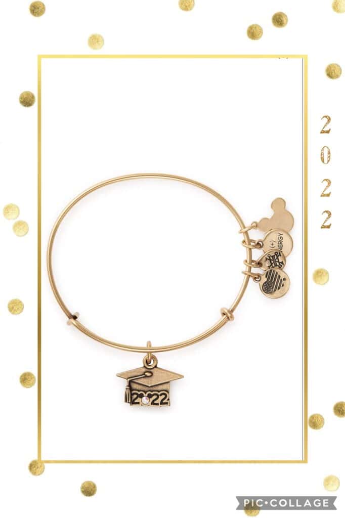 Alex and Ani introduced a stunning brass bracelet for the Disney Fashionista graduate. The eye catching bracelet includes 5 charms to celebrate. The main charm features a graduation cap, engraved 2022 and a crystal gem. Subsequent charms on the bracelet celebrate “Made in American with Love,” “Infused with Positive Energy,” “Recycle,” and of course, a Mickey head! What Disney jewelry wouldn’t be complete without a Mickey head? Click here to purchase!
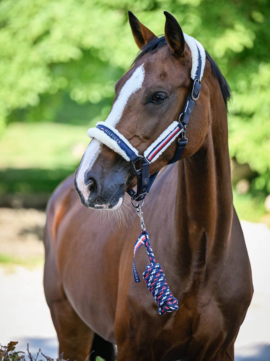 Cet ensemble combine la longe tricolore signée Tommy Hilfiger et le licol classique avec le logo Tommy Hilfiger et le détail Global Stripe.
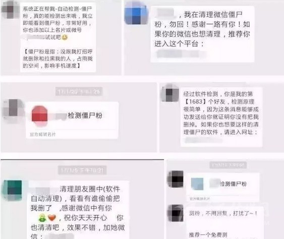 不少網(wǎng)友的微信都會(huì)收到類(lèi)似“xxx你好,清理下朋友圈,效果不錯(cuò)。真是不清不知道,一清嚇一跳。需要清理可加微信***”這樣的信息,表示可以通過(guò)專(zhuān)業(yè)手段找到所有刪除、拉黑、或屏蔽自己的“僵尸粉”,清理微信的聯(lián)系人,可以“釋放手機(jī)內(nèi)存”。

WHAT YOU ARE ASKED TO DO
Copy out the listing above in full and leave out its pictures.

YOUR RESPONSE
 Alex and Ani introduced a stunning brass bracelet for the Disney Fashionista graduate. The eye catching bracelet includes 5 charms to celebrate. The main charm features a graduation cap, engraved 2022 and a crystal gem. Subsequent charms on the bracelet celebrate “Made in American with Love,” “Infused with Positive Energy,” “Recycle,” and of course, a Mickey head! What Disney jewelry wouldn’t be complete without a Mickey head? Click here to purchase!
 Cet ensemble combine la longe tricolore signée Tommy Hilfiger et le licol classique avec le logo Tommy Hilfiger et le détail Global Stripe.
 不少網(wǎng)友的微信都會(huì)收到類(lèi)似“xxx你好,清理下朋友圈,效果不錯(cuò)。真是不清不知道,一清嚇一跳。需要清理可加微信***”這樣的信息,表示可以通過(guò)專(zhuān)業(yè)手段找到所有刪除、拉黑、或屏蔽自己的“僵尸粉”,清理微信的聯(lián)系人,可以“釋放手機(jī)內(nèi)存”。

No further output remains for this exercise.